Currently, senior living operators are typically working with a variety of technology products that they have bolted together, but that don’t integrate seamlessly or produce clean and actionable data.

Having such data will be increasingly essential for various reasons, Gary believes. In terms of building greater alignment between owners and operators, such information is needed for more robust and efficient reporting, for at-a-glance information about how communities are performing and where shortcomings are stemming from.

Being able to capture health metrics through tech such as sensors, and analytics and artificial intelligence capabilities, is also increasingly critical, in order to support more proactive care. Insurers, physician groups and other health care organizations are coming to see the role that senior living plays in the overall continuum, and senior living providers need to lower their care-related staffing demands and increase length of stay to stabilize net operating income.

“It is about providing a very predictive health care model, which is going to take a tremendous amount of data,” Gary said.

Providers also need integrated tech to deliver on consumer expectations around health and wellness. Making health data available to residents and families through an app is part of the Fynn model.

“We’re going to get a more active senior that’s willing to be proactive in their health care,” Gary said. “That consumer today is already wearing an Apple Watch, they’re already conscientious of being proactive … so again, you’ve got to have the physical structure that allows them to be proactive. And then you’ve got to have the technology behind it.”

Currently, the Fynn platform is being tested by providers, and Gary anticipates having a minimum viable product by the first quarter of 2022, with a full product by the end of next year.

He is not the only senior living leader to recognize the need for an integrated tech platform, and there are other efforts to create one. Glennis Solutions, for example, spun out of Atria Senior Living and is now providing the custom-built operating technology created by the large-scale Louisville-based provider.

Gary foresees that two or three integrated solutions ultimately will dominate the market, although he thinks the field will become more crowded first, and then consolidation will occur.

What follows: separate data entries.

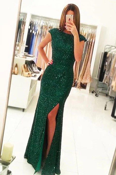 Luxurious Cap Sleeves Dark Green Split-Front Open Back Long Sequin Sexy Mermaid Prom Dresses OK150
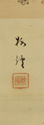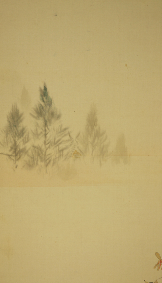 少しシミがあり表具は穴・折れがあります
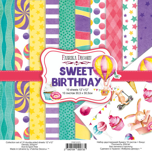 "Sweet Birthday" - набор двусторонней бумаги 30,5см х 30,5см (12"x12"), плотностью 200г/м.
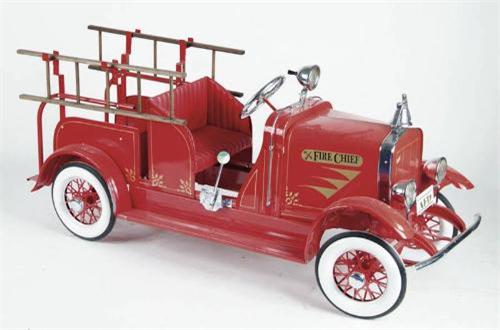 HUGE FIRE CHIEF PEDAL CAR. Professionally restored elaborate fire truck with gold pinstripes and fleur-de-lis corners, padded vinyl seat, white balloon "tires" with black rubber slip-ons, with spoked wheels. Large back end for passenger, wooden ladders, nickel plated dummy search light and headlights, fenders, dashboard decal of odometer, etc., steel bumper, and nickel plated bell. Also features "Fire Chief" decals on both sides of hood and "AFD" license plate. SIZE: 64" l. x 28" h. x 23" w. CONDITION: Near excellent restored condition with slight scratches to paint on fenders. 1-5708 AT
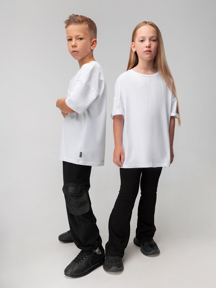 Материал кулирная гладь Состав 92% хлопок 8% лайкра Футболка для детей дошкольного возраста. Футболка свободного силуэта с втачным коротким рукавом. Горловина футболки округлой формы. Состав: кулирная гладь 92% хлопок 8% лайкра
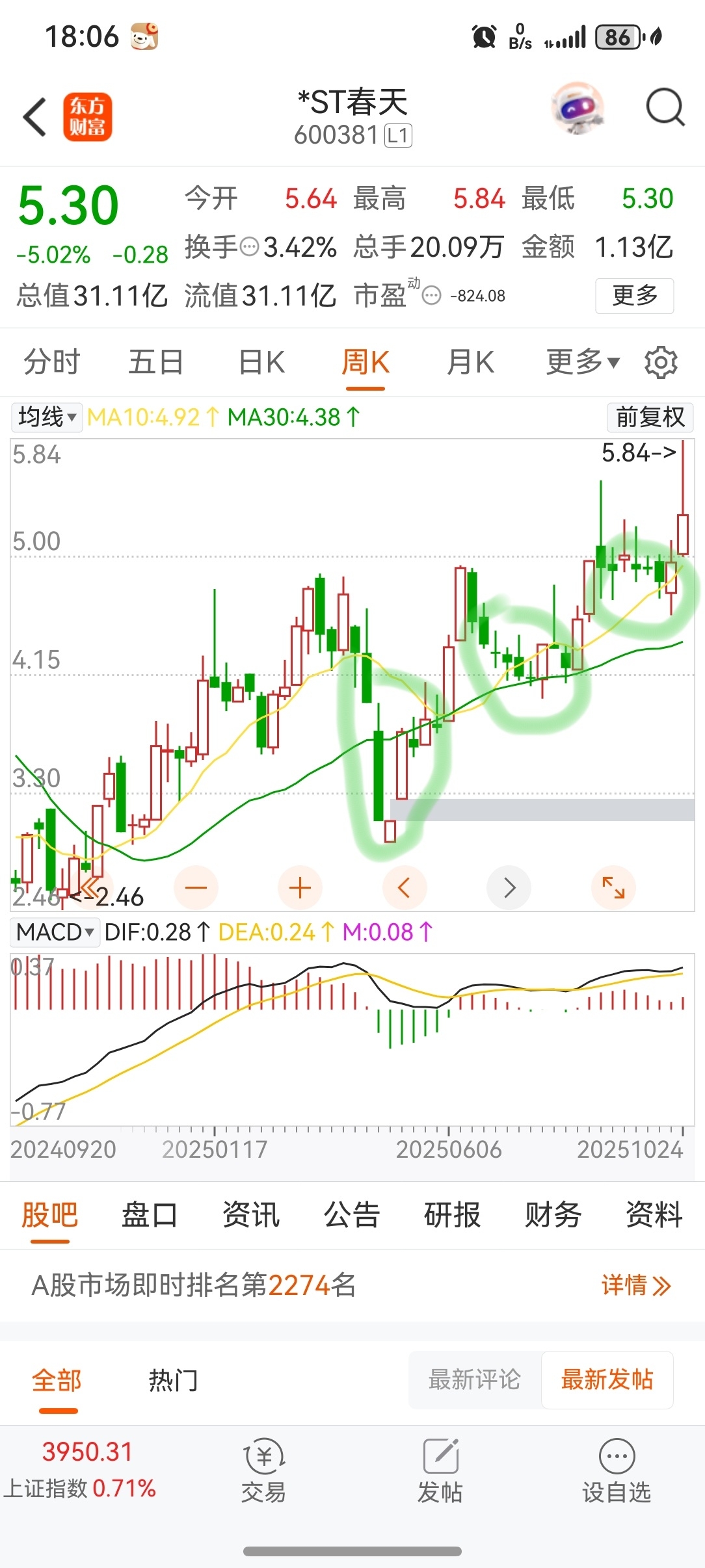 $*ST春天(SH600381)$ 技术面显示周K波动率越来越低。上周可否视为突破前的试探?试探上方的抛压?
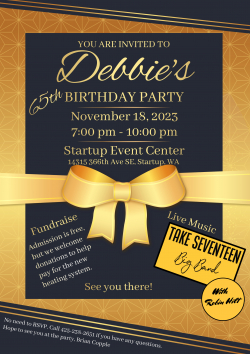 - NOVEMBER 18, Saturday 7-10pm Fundraiser with Live Big Band at Startup Event Center
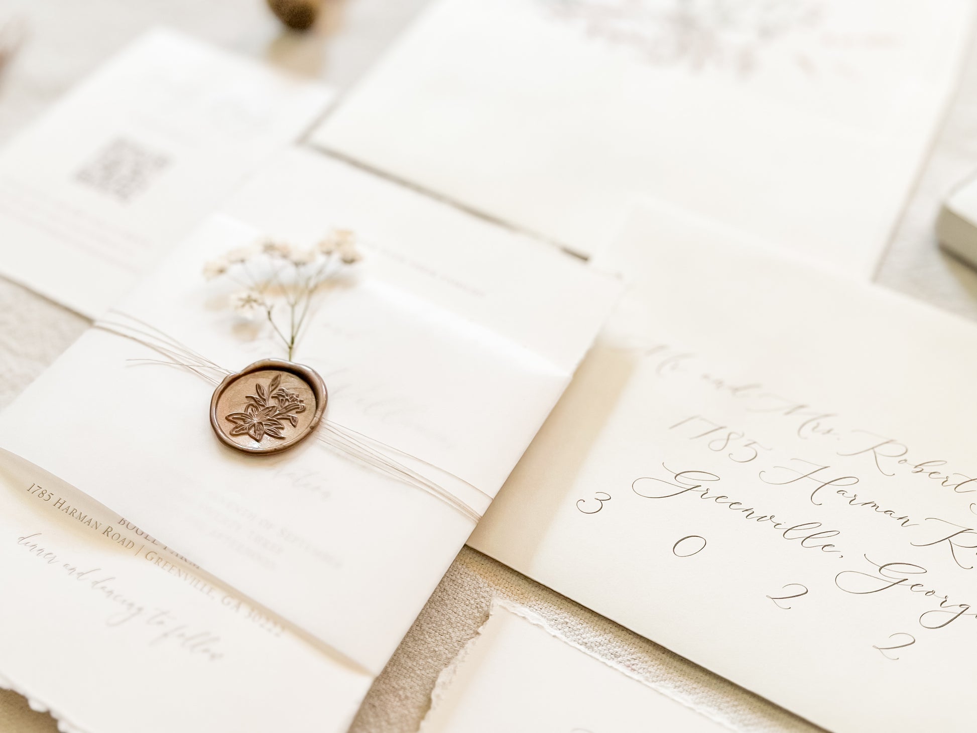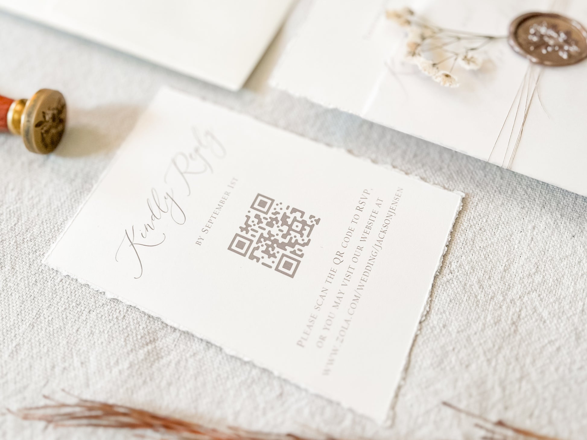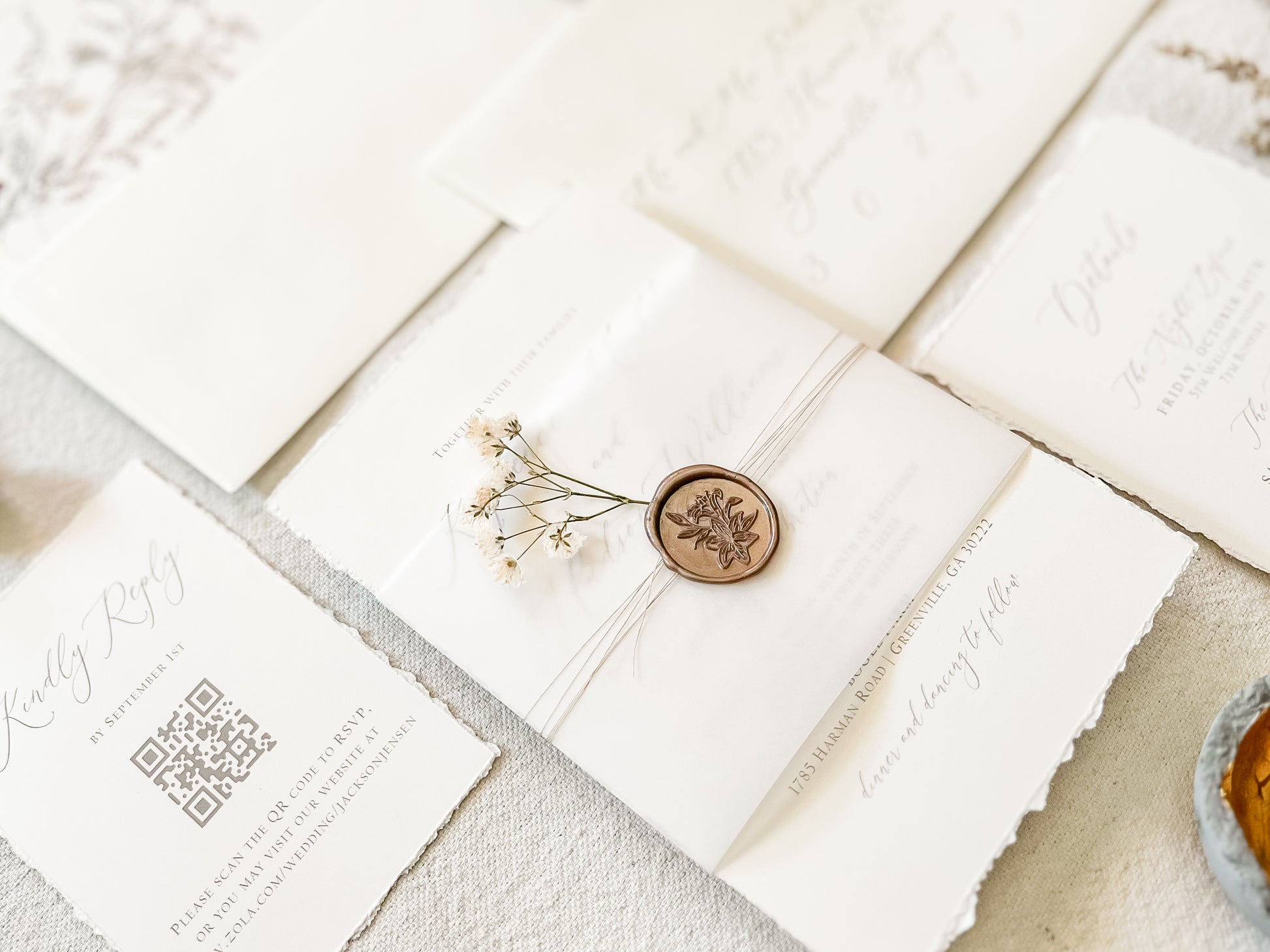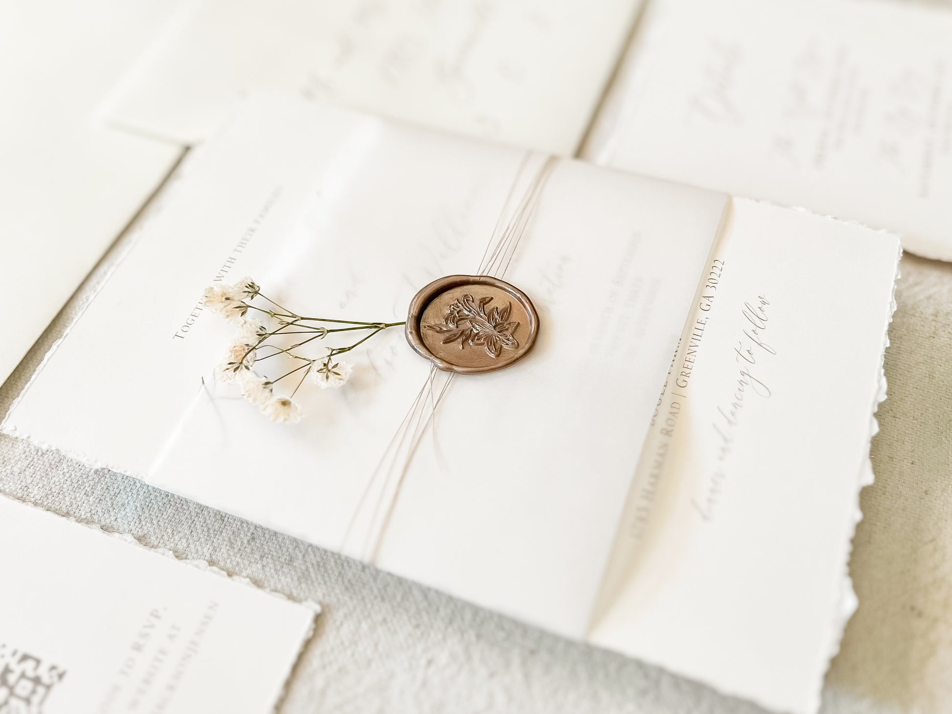 This soft ivory suite features hand-torn deckled edges and delicate baby’s breath, wrapped in vellum with khaki thread and finished with an almond colored wax seal for a clean, romantic presentation. Ideal for intimate weddings and timeless, natural aesthetics. Printed on 100 lb ivory cover stock. Other wax colors available. Please inquire for your color of choice. Shown with upgraded kraft envelopes.
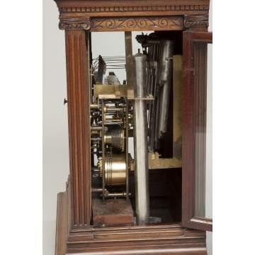 | C. 1900. Mahogany case with fluted & carved capitols. Brass filigreed dial & numbers, silvered chapter ring. Three train fusee movement with tubular chimes. |
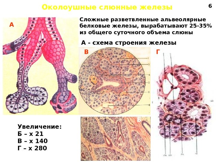 Околоушные слюнные железы А В Б ГА — схема строения железы Увеличение: Б – х 21 В – х 140 Г – х 280 Сложные разветвленные альвеолярные белковые железы, вырабатывают 25 -35% из общего суточного объема слюны
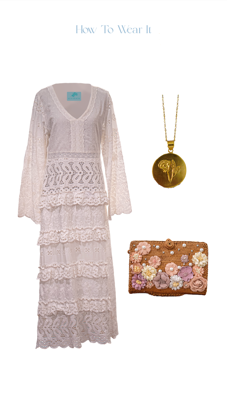The Audrey Dress is the epitome of boho-chic femininity, now available in our stunning Flor Eyelet fabric. This tiered maxi dress features delicate lace details that add a touch of vintage charm and romance. Fully lined for a smooth fit, the Audrey Dress drapes beautifully, offering effortless movement and elegance. Perfect for sun-filled days and evening soirées alike, this feminine, flowy dress brings a timeless, free-spirited vibe to your wardrobe—where classic meets contemporary in the most enchanting way.
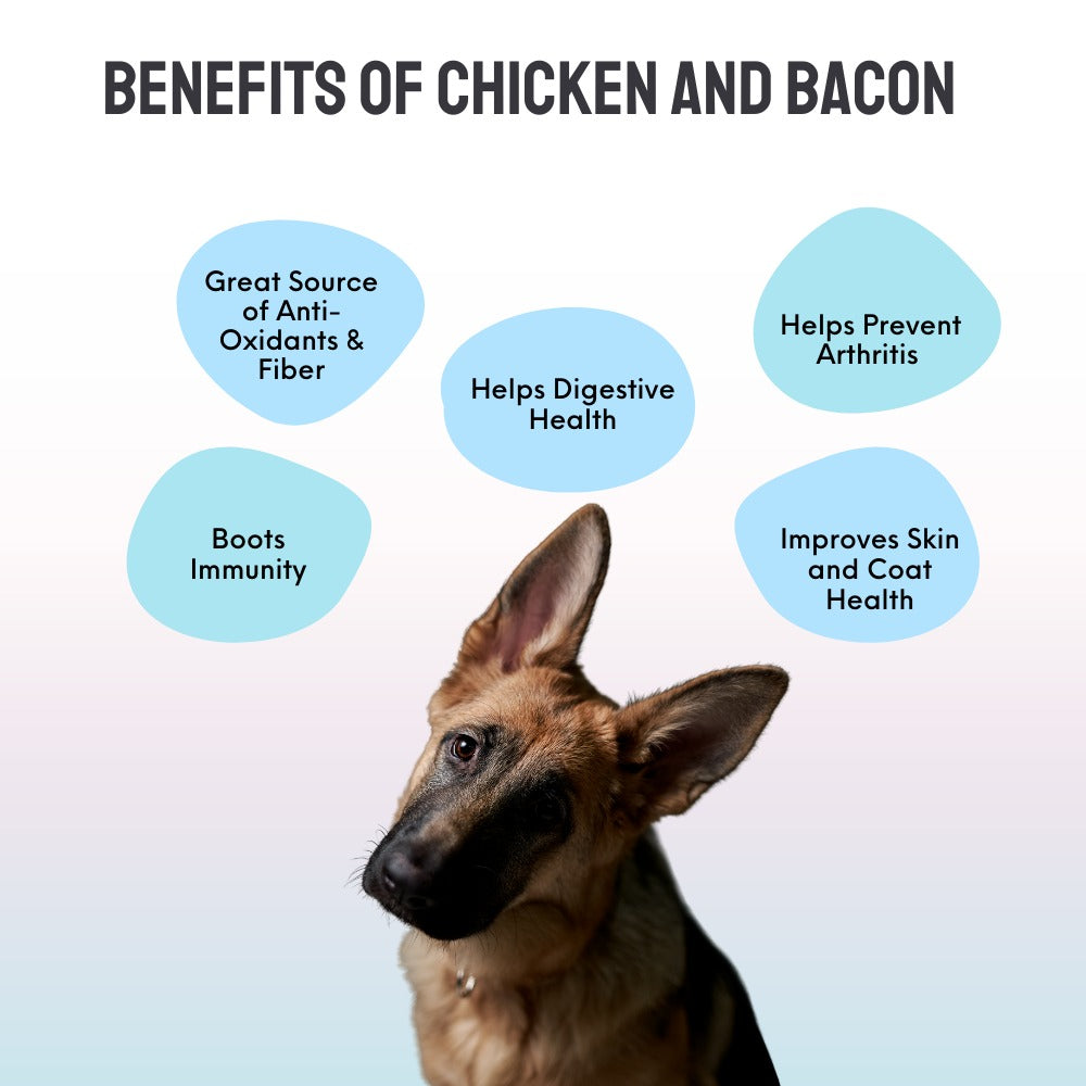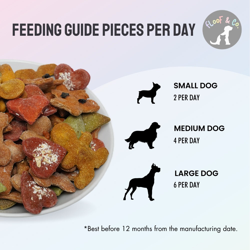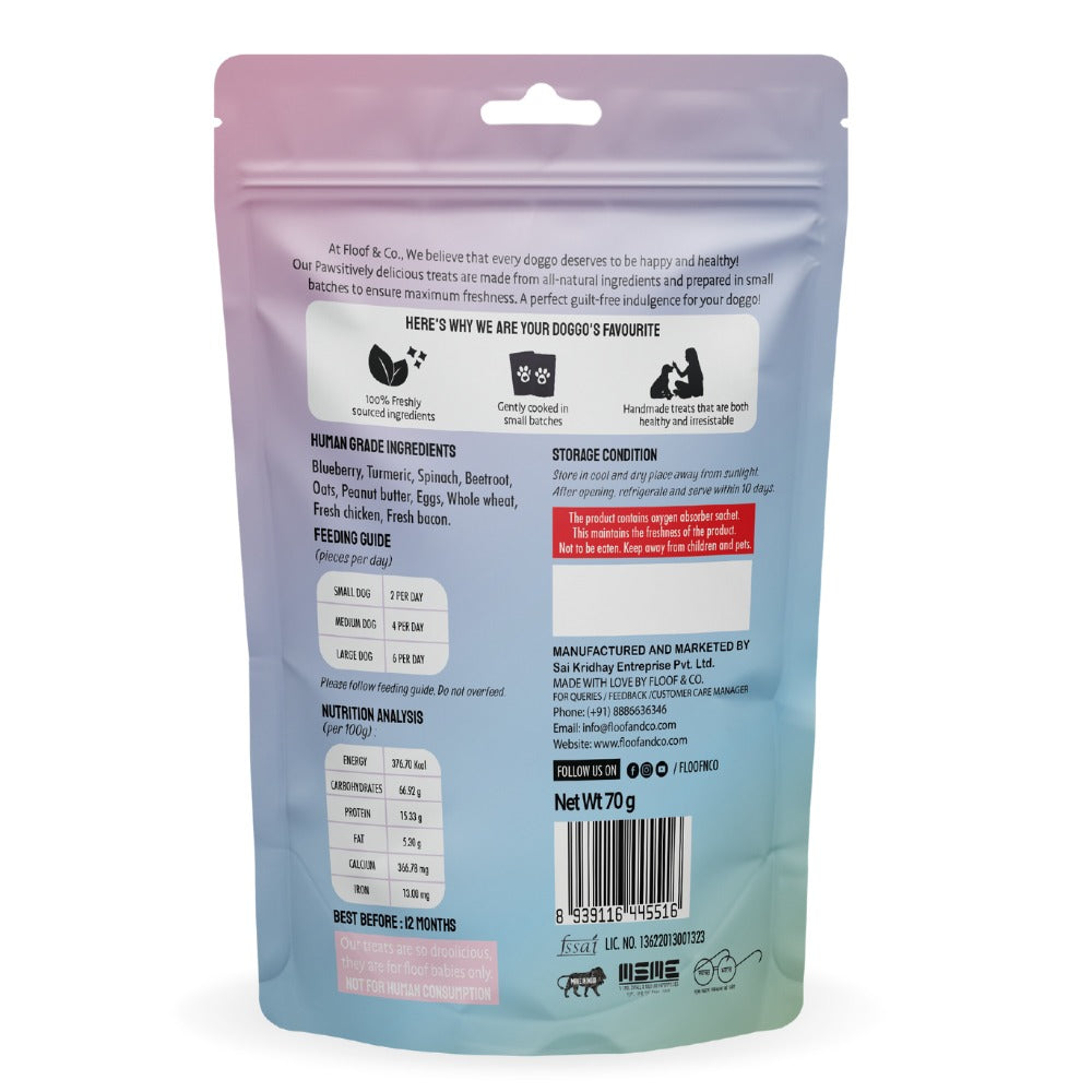 Floof & Co's premium dog treats—a tantalizing blend that ignites tail-wagging bliss! Brimming with nourishment, these treats feature an array of wholesome ingredients, including blueberry, turmeric, spinach, beetroot, oats, peanut butter, eggs, whole wheat, fresh chicken, and fresh bacon. Indulge your furry friend with a nutritious medley that will bring them unbridled joy. Our Treats are an ideal choice, whether for training or rewarding your four-legged companion. Its convenient bite size pieces facilitate training sessions, while offering a delectable and nutritious snack that your pet will adore. Our Treats boasts a tantalizing texture and mouthwatering meaty taste that pets simply can't resist. Our product is meticulously crafted to suit dogs of all breeds, ensuring a perfect fit for every furry companion. Our Treats are abundant in muscle-fueling protein and low in fat, making it the ultimate energy-boosting snack for active dogs. With lean chicken as the premium protein source, it promotes optimal muscle growth and repair.
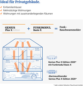 Funkmodul zur drahtlosen Vernetzung mehrerer Rauchwarnmelder Genius Plus X oder Genius Hx miteinander, zur flächendeckenden Signalisierung eines Alarms.
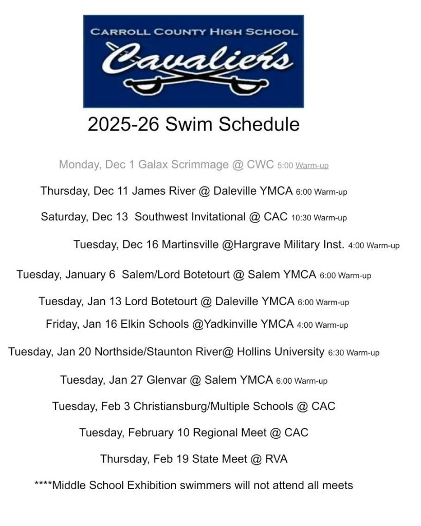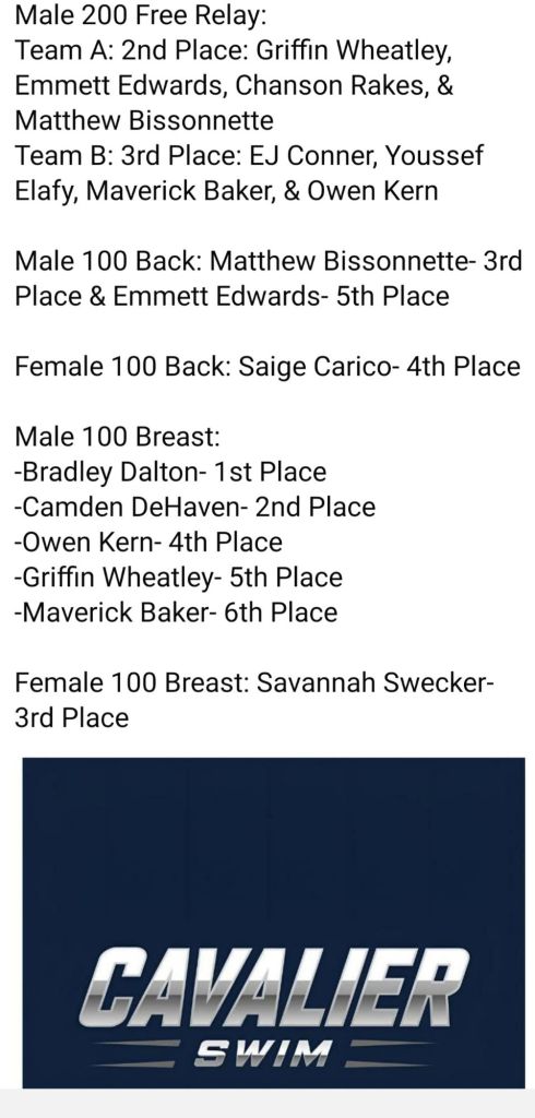 We will have Student Athletes swimming πββοΈ, wrestling and playing volleyball π today. This means West Long, Joi Ogle and Cindy Edwards will be coaching our Cavaliers up!

And he expects healthy demand for Fynn, in part because current industry challenges — notably sharp labor shortages — should further compel owners and operators to invest in technology that can ease workforce burdens by supporting smarter staffing patterns.

Bigger-picture, he repeatedly emphasizes the need for a focus on the future consumer, and hopes that the pandemic will not discourage new and innovative development in the sector.

“I really hope the industry will continue to invest more money into what they’re developing, putting a lot of thought behind it, because the consumer is there, there’s tremendous demand — it’s just that the consumers want what they want, and we’ve got to make sure we’re meeting what they want,” he said.